- Extracted data:

--- START ---

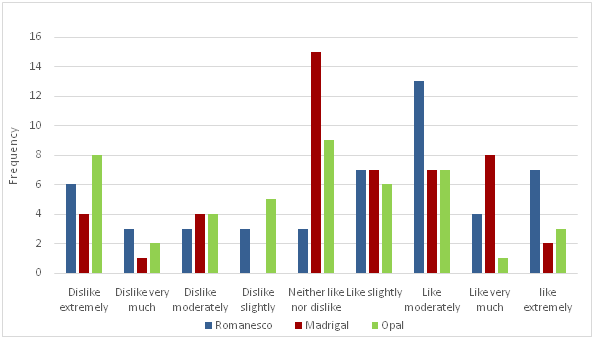 Figure 6 Frequencies of preference of the consumers for the different cultivars Romanesco, Madrigal y Opal.
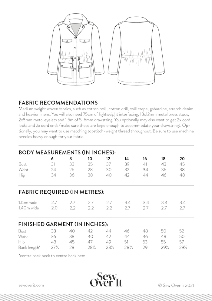 The Dorothy Jacket sewing pattern is sized between UK sizes 6-30. The pattern is split into two different blocks: sizes 6-20 (B Cup), and sizes 18-30 (D Cup). See the chart for details on fabric requirements. Like all sew over it patterns, the sizes are nested to make it easier to grade between the sizes, depending on your measurements.
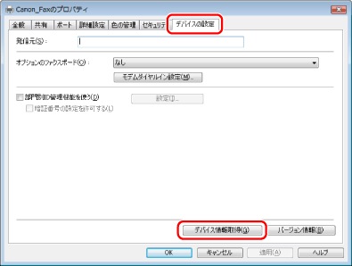 ファクスを共有してお使いの場合は、プリントサーバーに「Canon Driver Information Assist Service」をインストールすると、[デバイス情報取得]の機能をお使いになれます。「Canon Driver Information Assist Service」のインストール方法については、「ファクスドライバー インストールガイド」を参照してください。
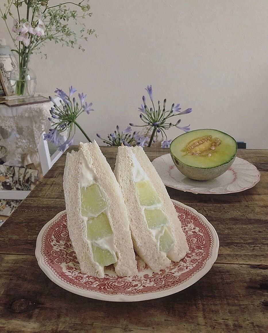 @___k.a.r.i.n___さん作のすてきなフルーツサンド。中身はメロンとマスカルポーネです。
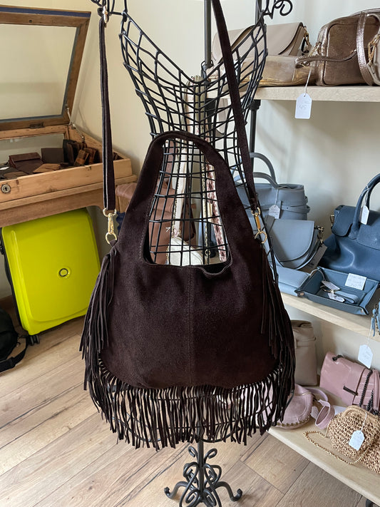 Sac Giulia en cuir suédé avec franges (coloris chocolat)
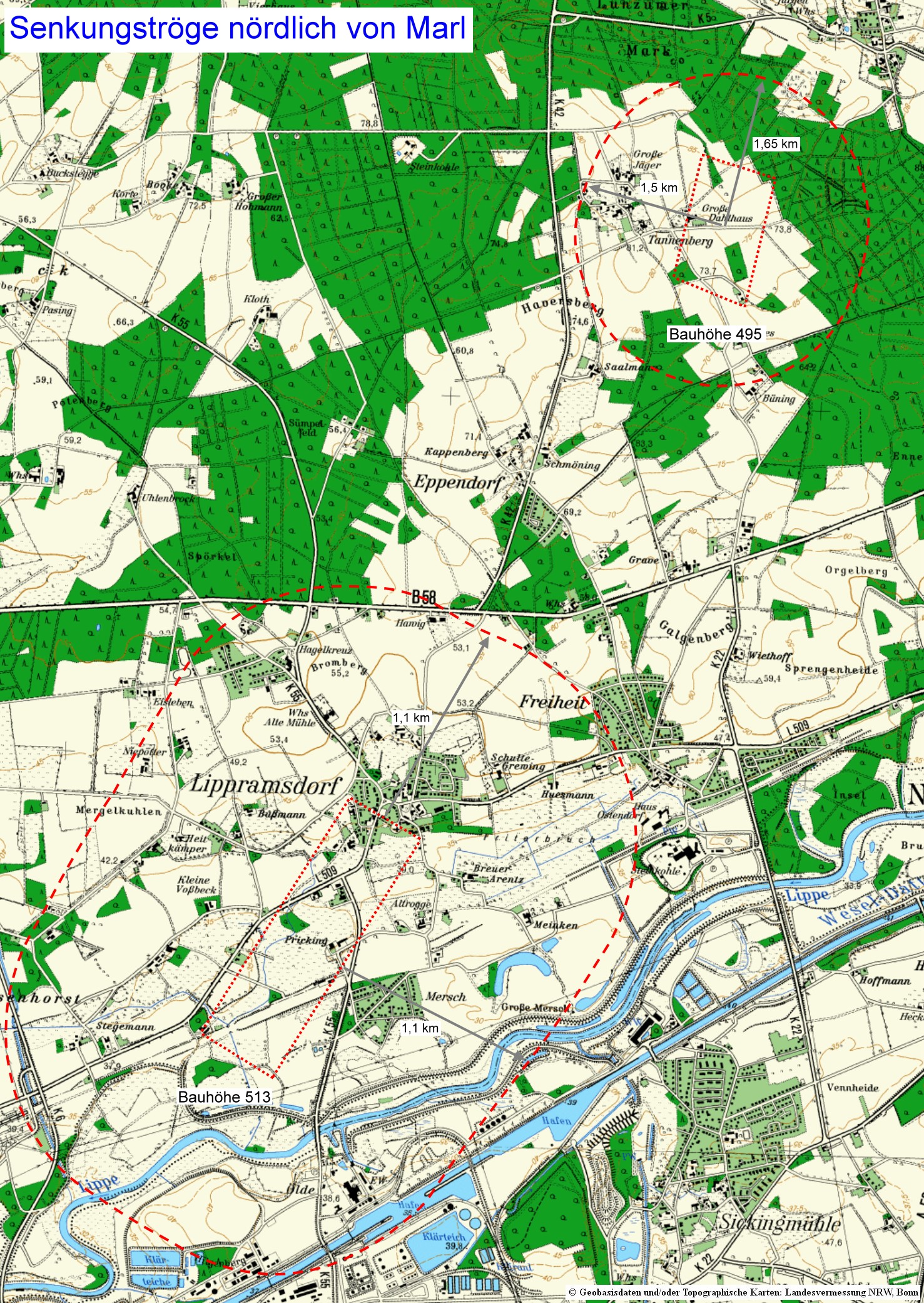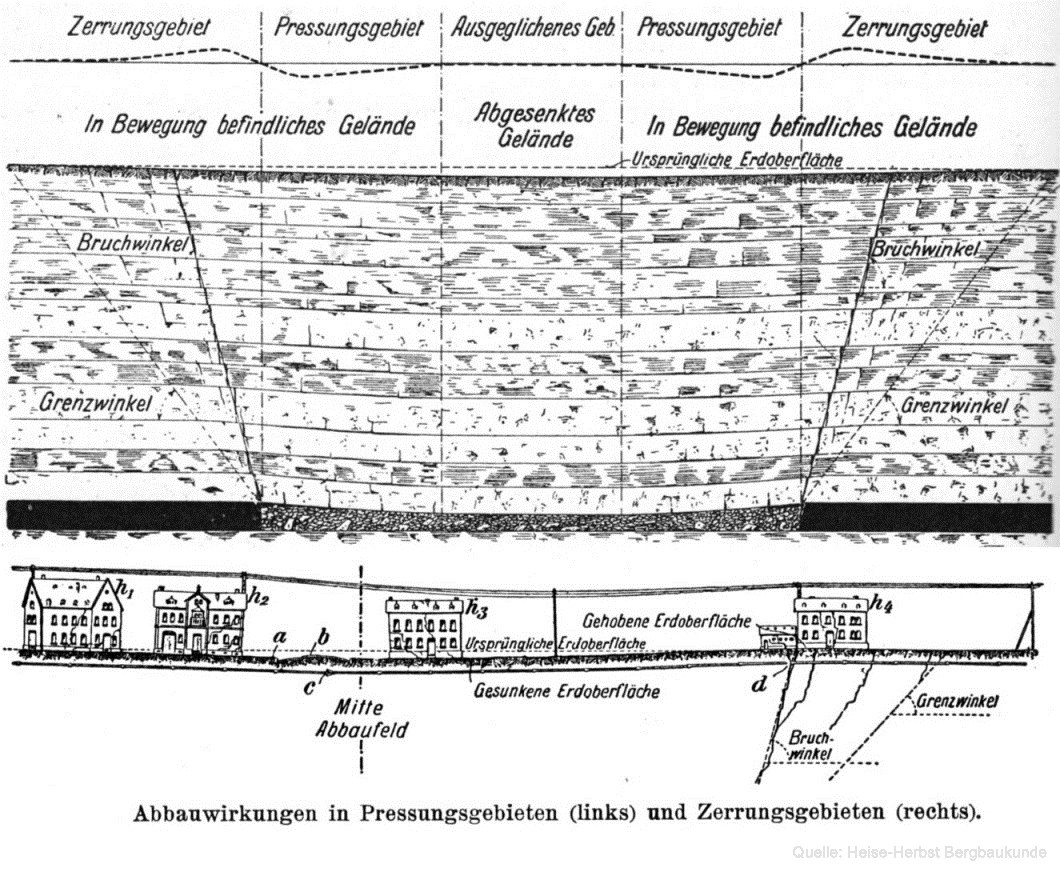 gelagerten Flözen und bei der ordentlichen Verfüllung der Schächte. Einige Tagesbrüche sind eine Folge von Baugenehmigungen, die
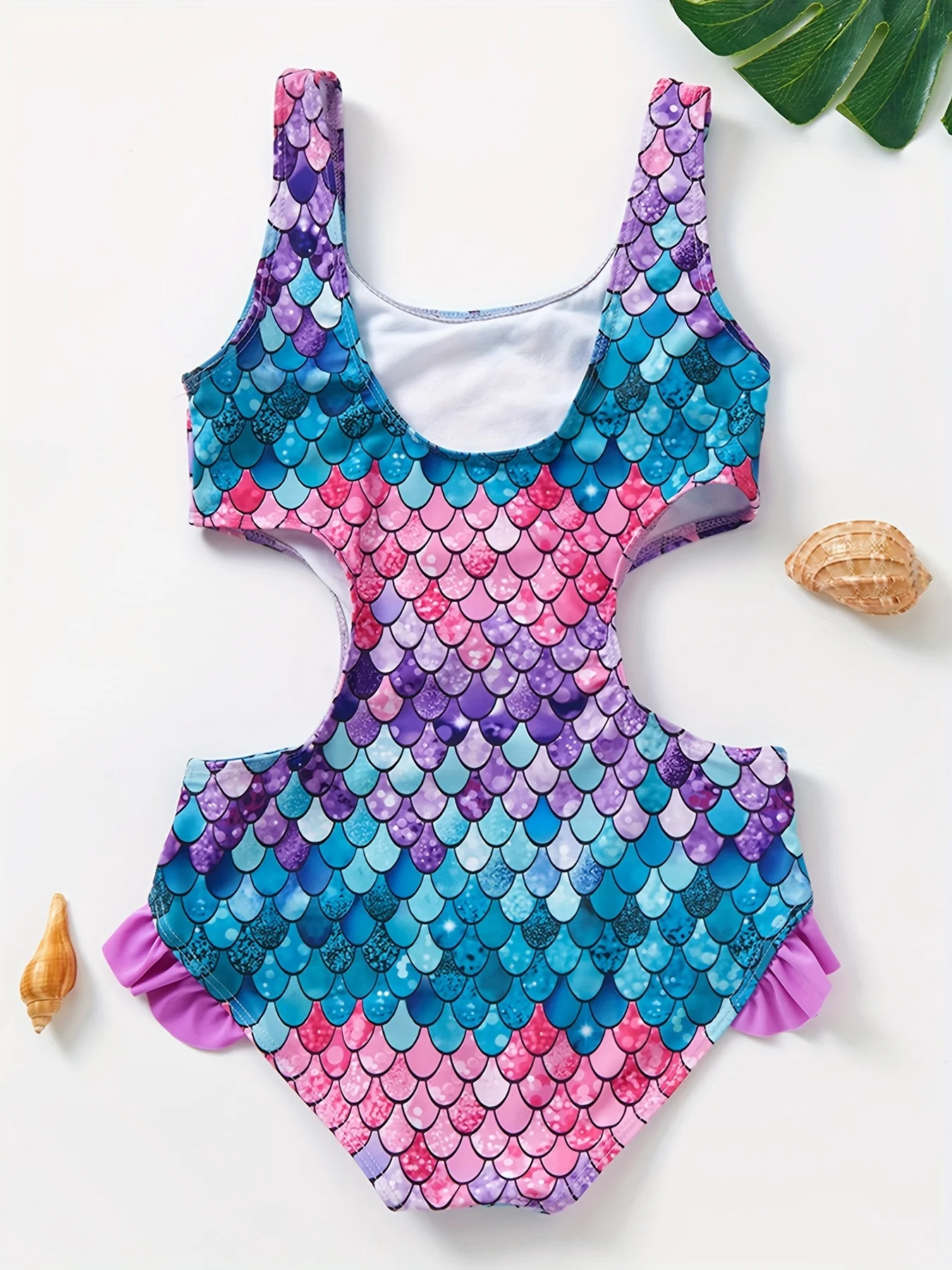 3-10 Years Toddler Girls Swimsuits Kids Girl Multi-color Off-the-shoulder One-piece Swimsuit
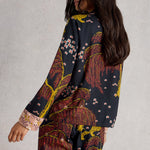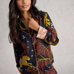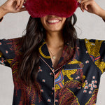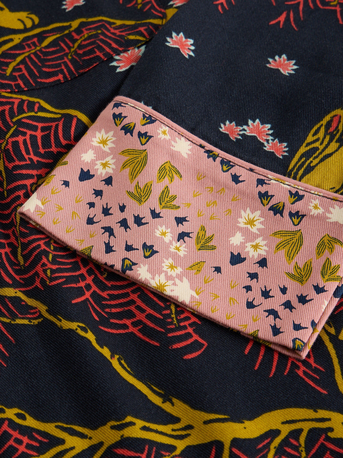 A pyjama shirt with a contrasting print on the cuffs, a little colour pop and embroidery details. Add the matching bottoms and consider this your excuse to lounge.
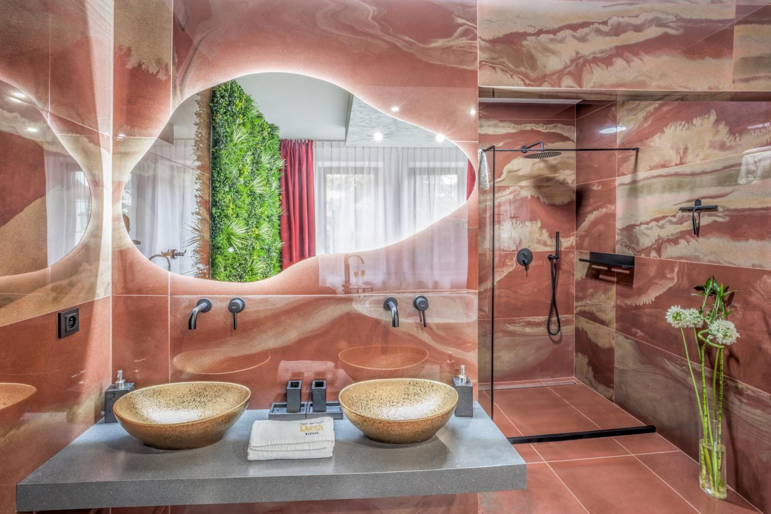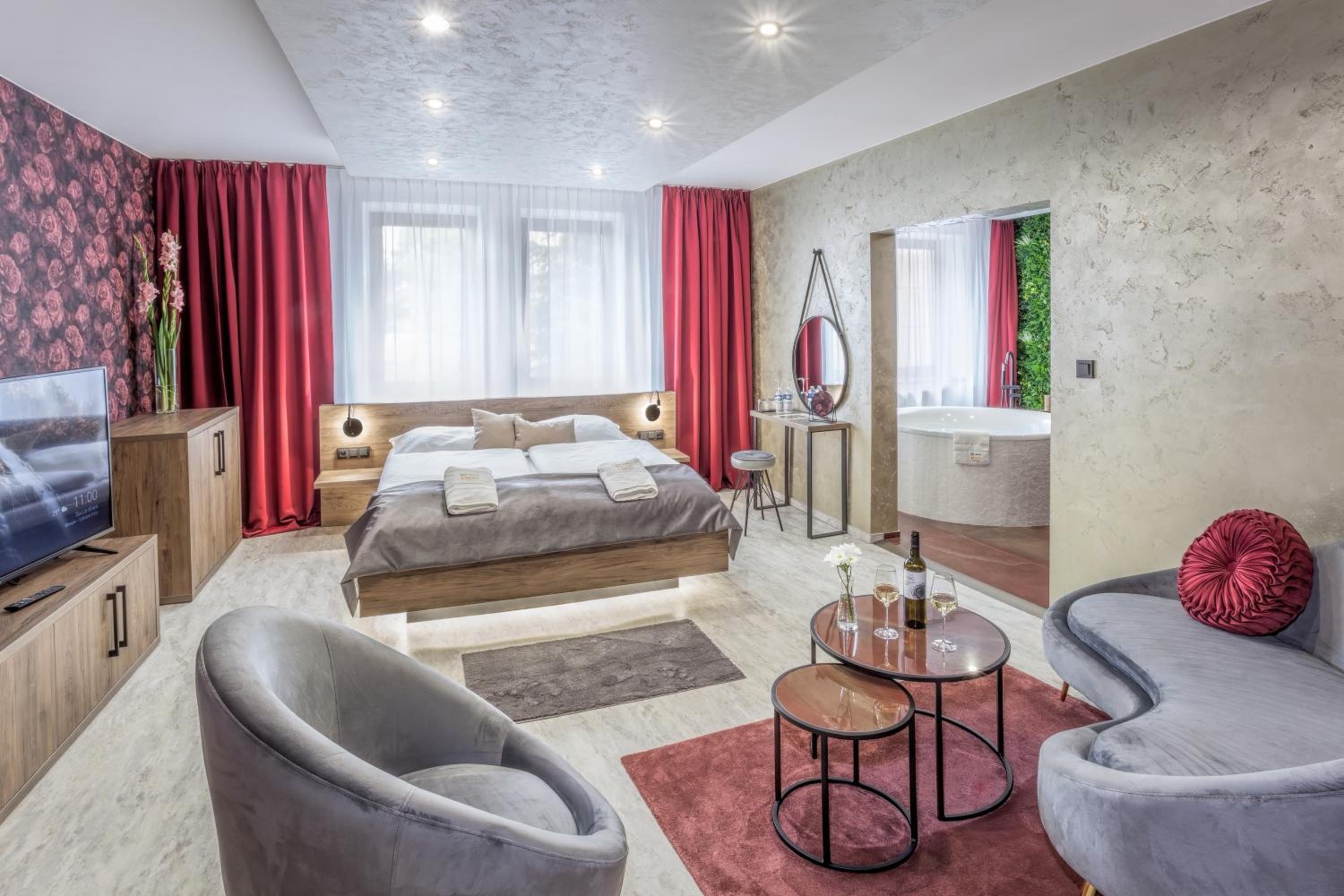 Výborná hotelová restaurace. Měli jsme na pokoji samostatně stojící vanu a bylo to opravdu boží :) . A postele byli taky skvělé. Koupelna parádní.
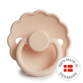 Smoczek Frigg Daisy charakteryzuje się falistą krawędzią która imituje płatki kwiatów nadając mu klasyczny i elegancki wygląd.
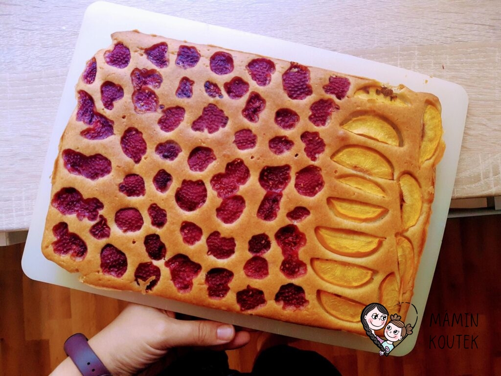 - Z ovoce máme rádi třeba maliny, díky čemuž má koláč pak sladko-kyselou chuť. Ale použít můžete v podstatě cokoli – jahody, borůvky, meruňky, rybíz…
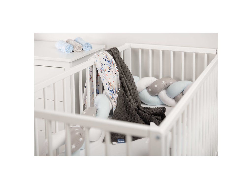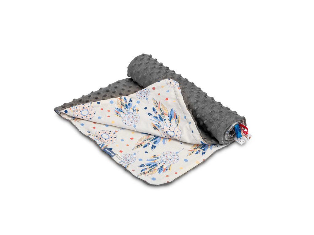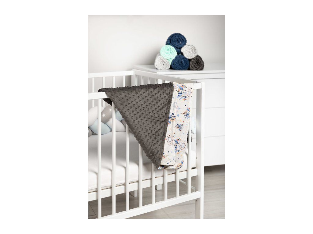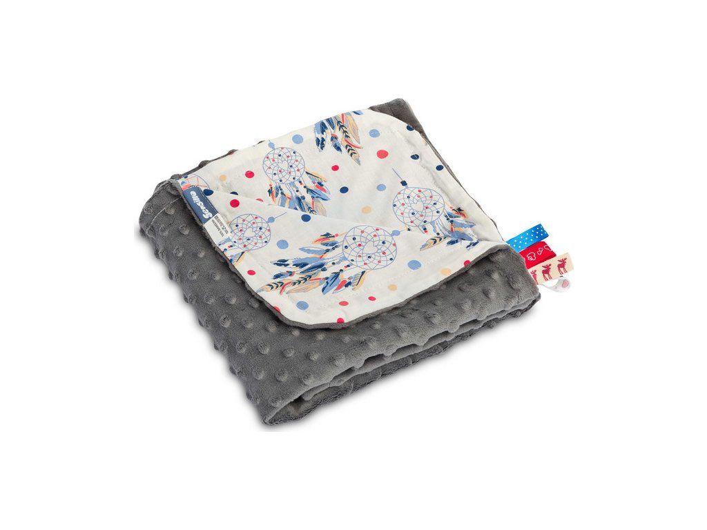 Ľahká deka Minky je ideálnym riešením na jarné a letné prechádzky. Je vyrobená z mäkkej bavlny a jemnej minky tkaniny, podľa potreby sa dá použiť obojstranne. Každý vzor deky má inú farebnú potlač. Na deke sú aj farebné stužky, ktoré zaujmú každé dieťa. Univerzálna ľahká deka do kočíka alebo postieľky s rozmermi 75 × 100 cm.
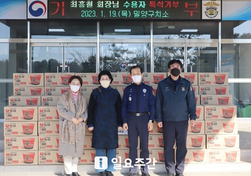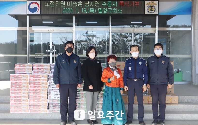 [일요주간 = 김성환 기자] 밀양구치소 교정협의회(회장 남세우)는 19일 밀양구치소(소장 정원수) 수용자들에게 나눠 줄 특식을 기부했다.
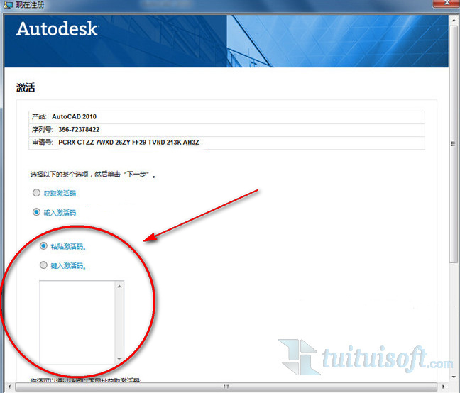 三、把注册机中得到的激活码复制粘贴到CAD2010的激活对话框中,点“下一步”,提示激活成功。
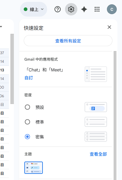 2.在最上方搜尋欄位,點擊 右上方的「齒輪」
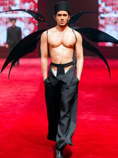 Lấy cảm hứng từ tác phẩm hội họa kinh điển The Fallen Angel – L’Ange déchu (1847) của danh họa người Pháp Alexandre Cabanel, bộ sưu tập Le Beau 4 của NTK Ngô Mạnh Đông Đông tái hiện hình ảnh Lucifer, thiên thần bị trục xuất khỏi thiên đàng, mang vẻ đẹp bi tráng, cô độc và đầy mâu thuẫn nội tâm. Trong bức tranh gốc, Lucifer hiện lên như một chàng trai trẻ hoàn mỹ, đôi cánh còn sót lại ánh sáng thiên đường, ánh mắt giận dữ pha lẫn nước mắt – biểu trưng cho sự sa ngã, phản kháng và nỗi đau của một linh hồn từng thuộc về ánh sáng.
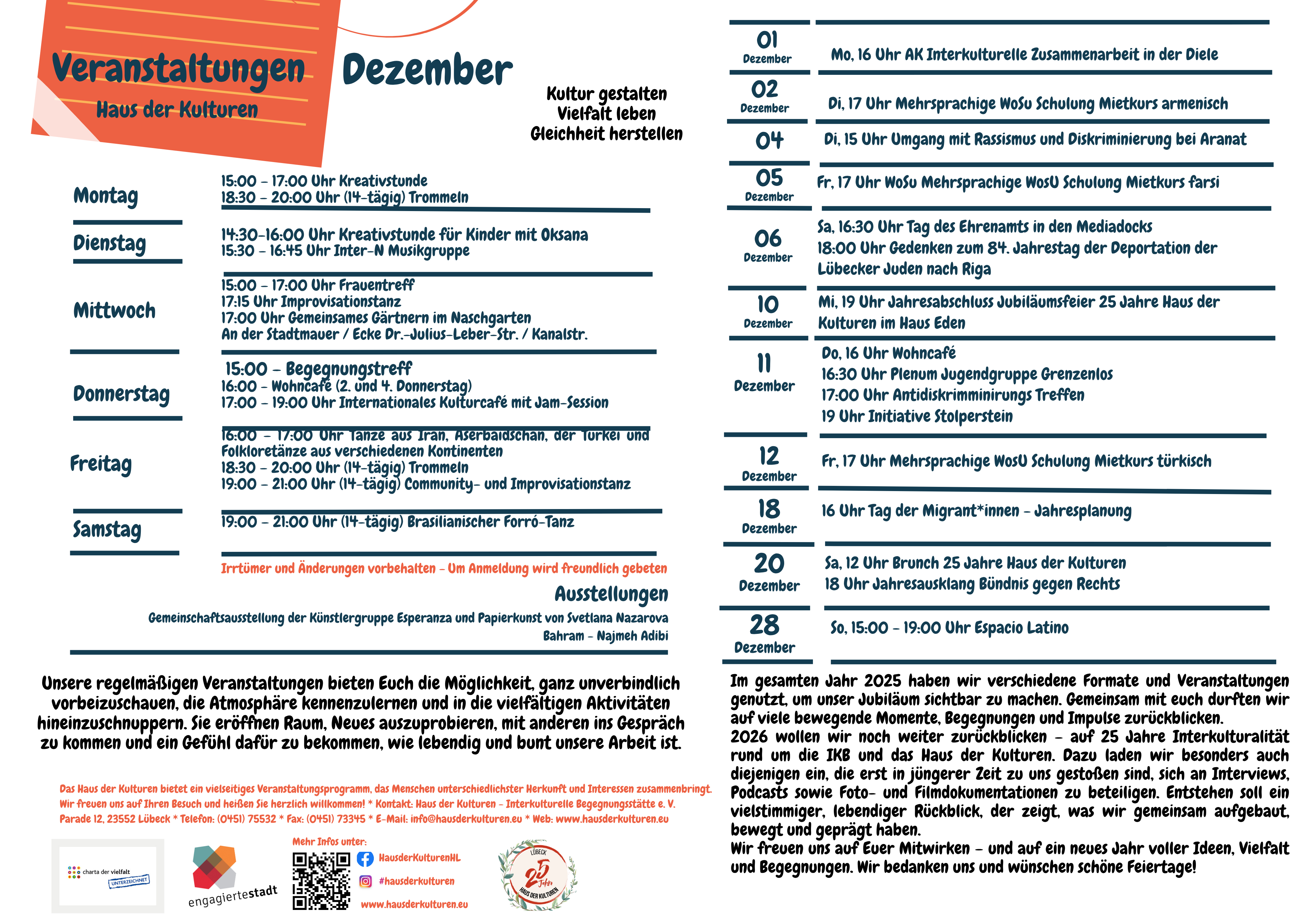 Mit Kunst- und Dokumentarausstellungen, Musik, Tanz, Filmen, Vorträgen, sowie praktischen Hilfen, wie Rechts- & Sozialberatungen und Sprachkursen, bietet unser Verein als Träger des soziokulturellen Zentrums „Haus der Kulturen“ und Projektträger allen in Lübeck lebenden Menschen den Rahmen, eine lebendige Begegnung und das Zusammenleben in der Stadt aktiv zu gestalten.
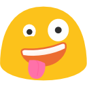 | जिसका अर्थ है | आँख मारते हुए और जीभ बाहर निकालता चेहरा |

--- END ---

- Task directions: Repeat only the lines from the beginning of the material through the line containing "Sac Giulia en", both ends kept, leaving pictures out.

- Finished task:
 Figure 6 Frequencies of preference of the consumers for the different cultivars Romanesco, Madrigal y Opal.
 The Dorothy Jacket sewing pattern is sized between UK sizes 6-30. The pattern is split into two different blocks: sizes 6-20 (B Cup), and sizes 18-30 (D Cup). See the chart for details on fabric requirements. Like all sew over it patterns, the sizes are nested to make it easier to grade between the sizes, depending on your measurements.
 ファクスを共有してお使いの場合は、プリントサーバーに「Canon Driver Information Assist Service」をインストールすると、[デバイス情報取得]の機能をお使いになれます。「Canon Driver Information Assist Service」のインストール方法については、「ファクスドライバー インストールガイド」を参照してください。
 @___k.a.r.i.n___さん作のすてきなフルーツサンド。中身はメロンとマスカルポーネです。
 Sac Giulia en cuir suédé avec franges (coloris chocolat)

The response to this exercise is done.